The smell clung to Lila. I could almost sense it before she opened the door. I didn't ask what Lila's cancer was, but it hardly mattered. From what she was smoking, I could tell that whatever she had, it wasn't looking good.

Lila and I were supposed to have met earlier. She'd been booked before months ago then called off because the chemotherapy and the radiation terrified her. She wanted a second opinion.

"I don't want to do this if I don't have to," is what she told me over the phone then thanked me for calling. If she needed me, she'd call me later.

I'd just forgotten about her.

Lila lived on the edges of what passes for civilization, in a grubby trailer at the end of a dusty gravel road that ran parallel to a railroad track.

"Sometimes they'll have the train on the tracks and you have to walk half a mile just to get around it."

The trains come at regular intervals and usually through the night. I asked her how she slept and she shrugged and said she had no idea.

Picking her up, her grown daughter thanked me twice for doing this and on short notice. They had three vehicles in the yard. None of them were reliable, they said, and besides, the daughter needed to wait at the trailer. Someone was picking her up later to take somewhere else.

"My uncle has esophagus cancer," she said. "He's got surgery today." Lila's daughter shook her head, looked tired and defeated.

I said nothing. That particular brand of cancer is ugly and usually fatal.

She said, "It's my birthday. Happy birthday, right?"

Too late.

I took the woman's mother back down the road and tried to make idle chatter. That's usually better than silence, but she didn't want to talk. She wanted to get this done and hopefully live to see her grandchildren get through school.

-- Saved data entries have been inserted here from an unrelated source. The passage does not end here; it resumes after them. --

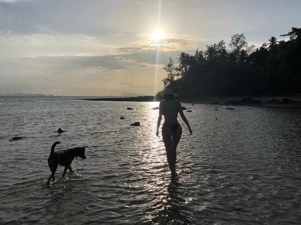 지난달 31일과 30일에도 바다를 배경으로 한 사진을 올렸다. 강민경 씨는 태국으로 휴가를 떠난 것으로 알려졌다.
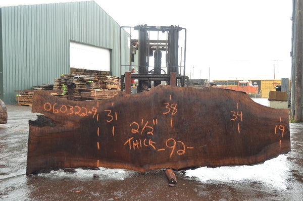 Black Walnut slab from Goby Walnut measuring 2.5" thick x 31"-38"-34"-19" wide x 92" long
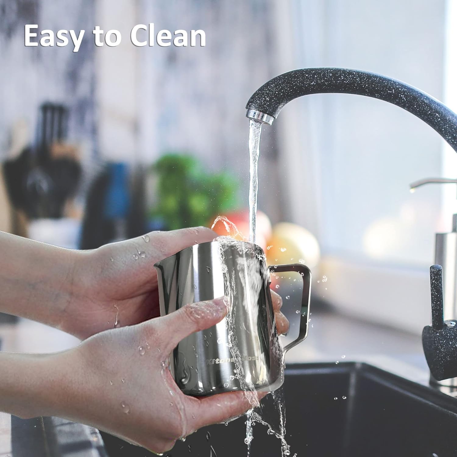 Point-mouth Design: The arc-shaped anti-drip spout can effectively separates milk and foam, and help you precisely control the volume and direction, allowing you to easily create latte art.
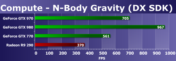 В изменившихся условиях новая видеокарта Geforce GTX 970 также опережает аналогичную модель из предыдущего поколения — GTX 770, оказываясь между последней и GTX 980. От своего более производительного собрата на GM204 она отстаёт на 15-18%, а отставание от главного ценового конкурента в виде Radeon R9 290 лишь увеличилось — в подобных вычислениях чипы компании AMD явно сильны, так как они предпочитают попиксельные вычисления.
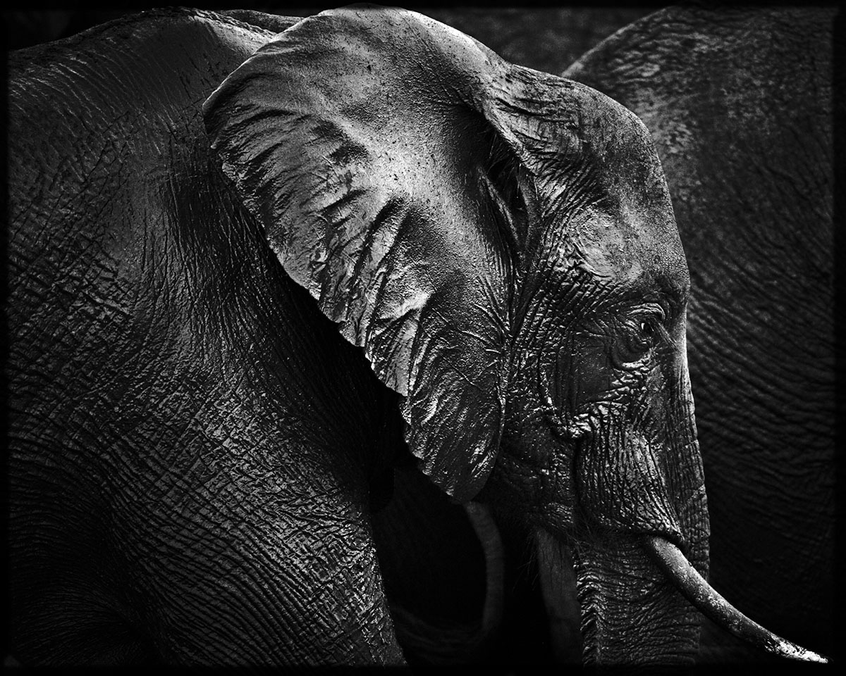 With his deep black and his strong contrasts, Laurent offers a sensitive and original image of wildlife. Big mammals like lions, elephants or rhinoceros are presented in an natural and quiet environment. The photographer presents photos which emphasize attitudes, animals with almost human looks. Shot frontally and in close up, Laurent’s portraits in black and white are different from the norms of animal photography as they are more reminiscent of the grand tradition of photographic portraiture. The artist deliberately highlights the animals’ character traits, as well as the intensity of their gazes and the majesty of their postures, magnified by a surprising play of light and shade.
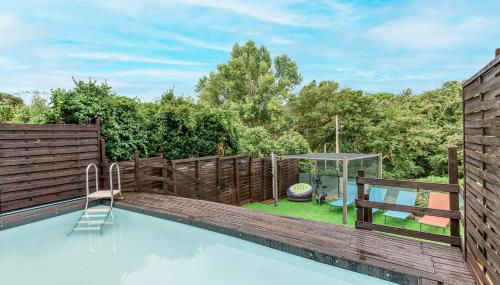 Die Unterkunft Casa piscina - 10km Lloret de Mar ist gelegen in Maçanet de la Selva, 28 km von Bahnhof von Girona entfernt, und bietet einen Balkon, einen Garten und kostenloses WLAN.

At some point, she asked about how I got into this business and I gave her the lame story about the newspaper already having enough people to play volleyball for the corporate cup.

"We needed points and I could get them points by donating blood or becoming a driver for the cancer society. I did both and stuck with the driving because I believe in it. I wish I'd started doing stuff like this years before."

I told her it was a good way to get out of the office. I told her I'd met a lot of interesting people then I lied and said most of them turn out fine.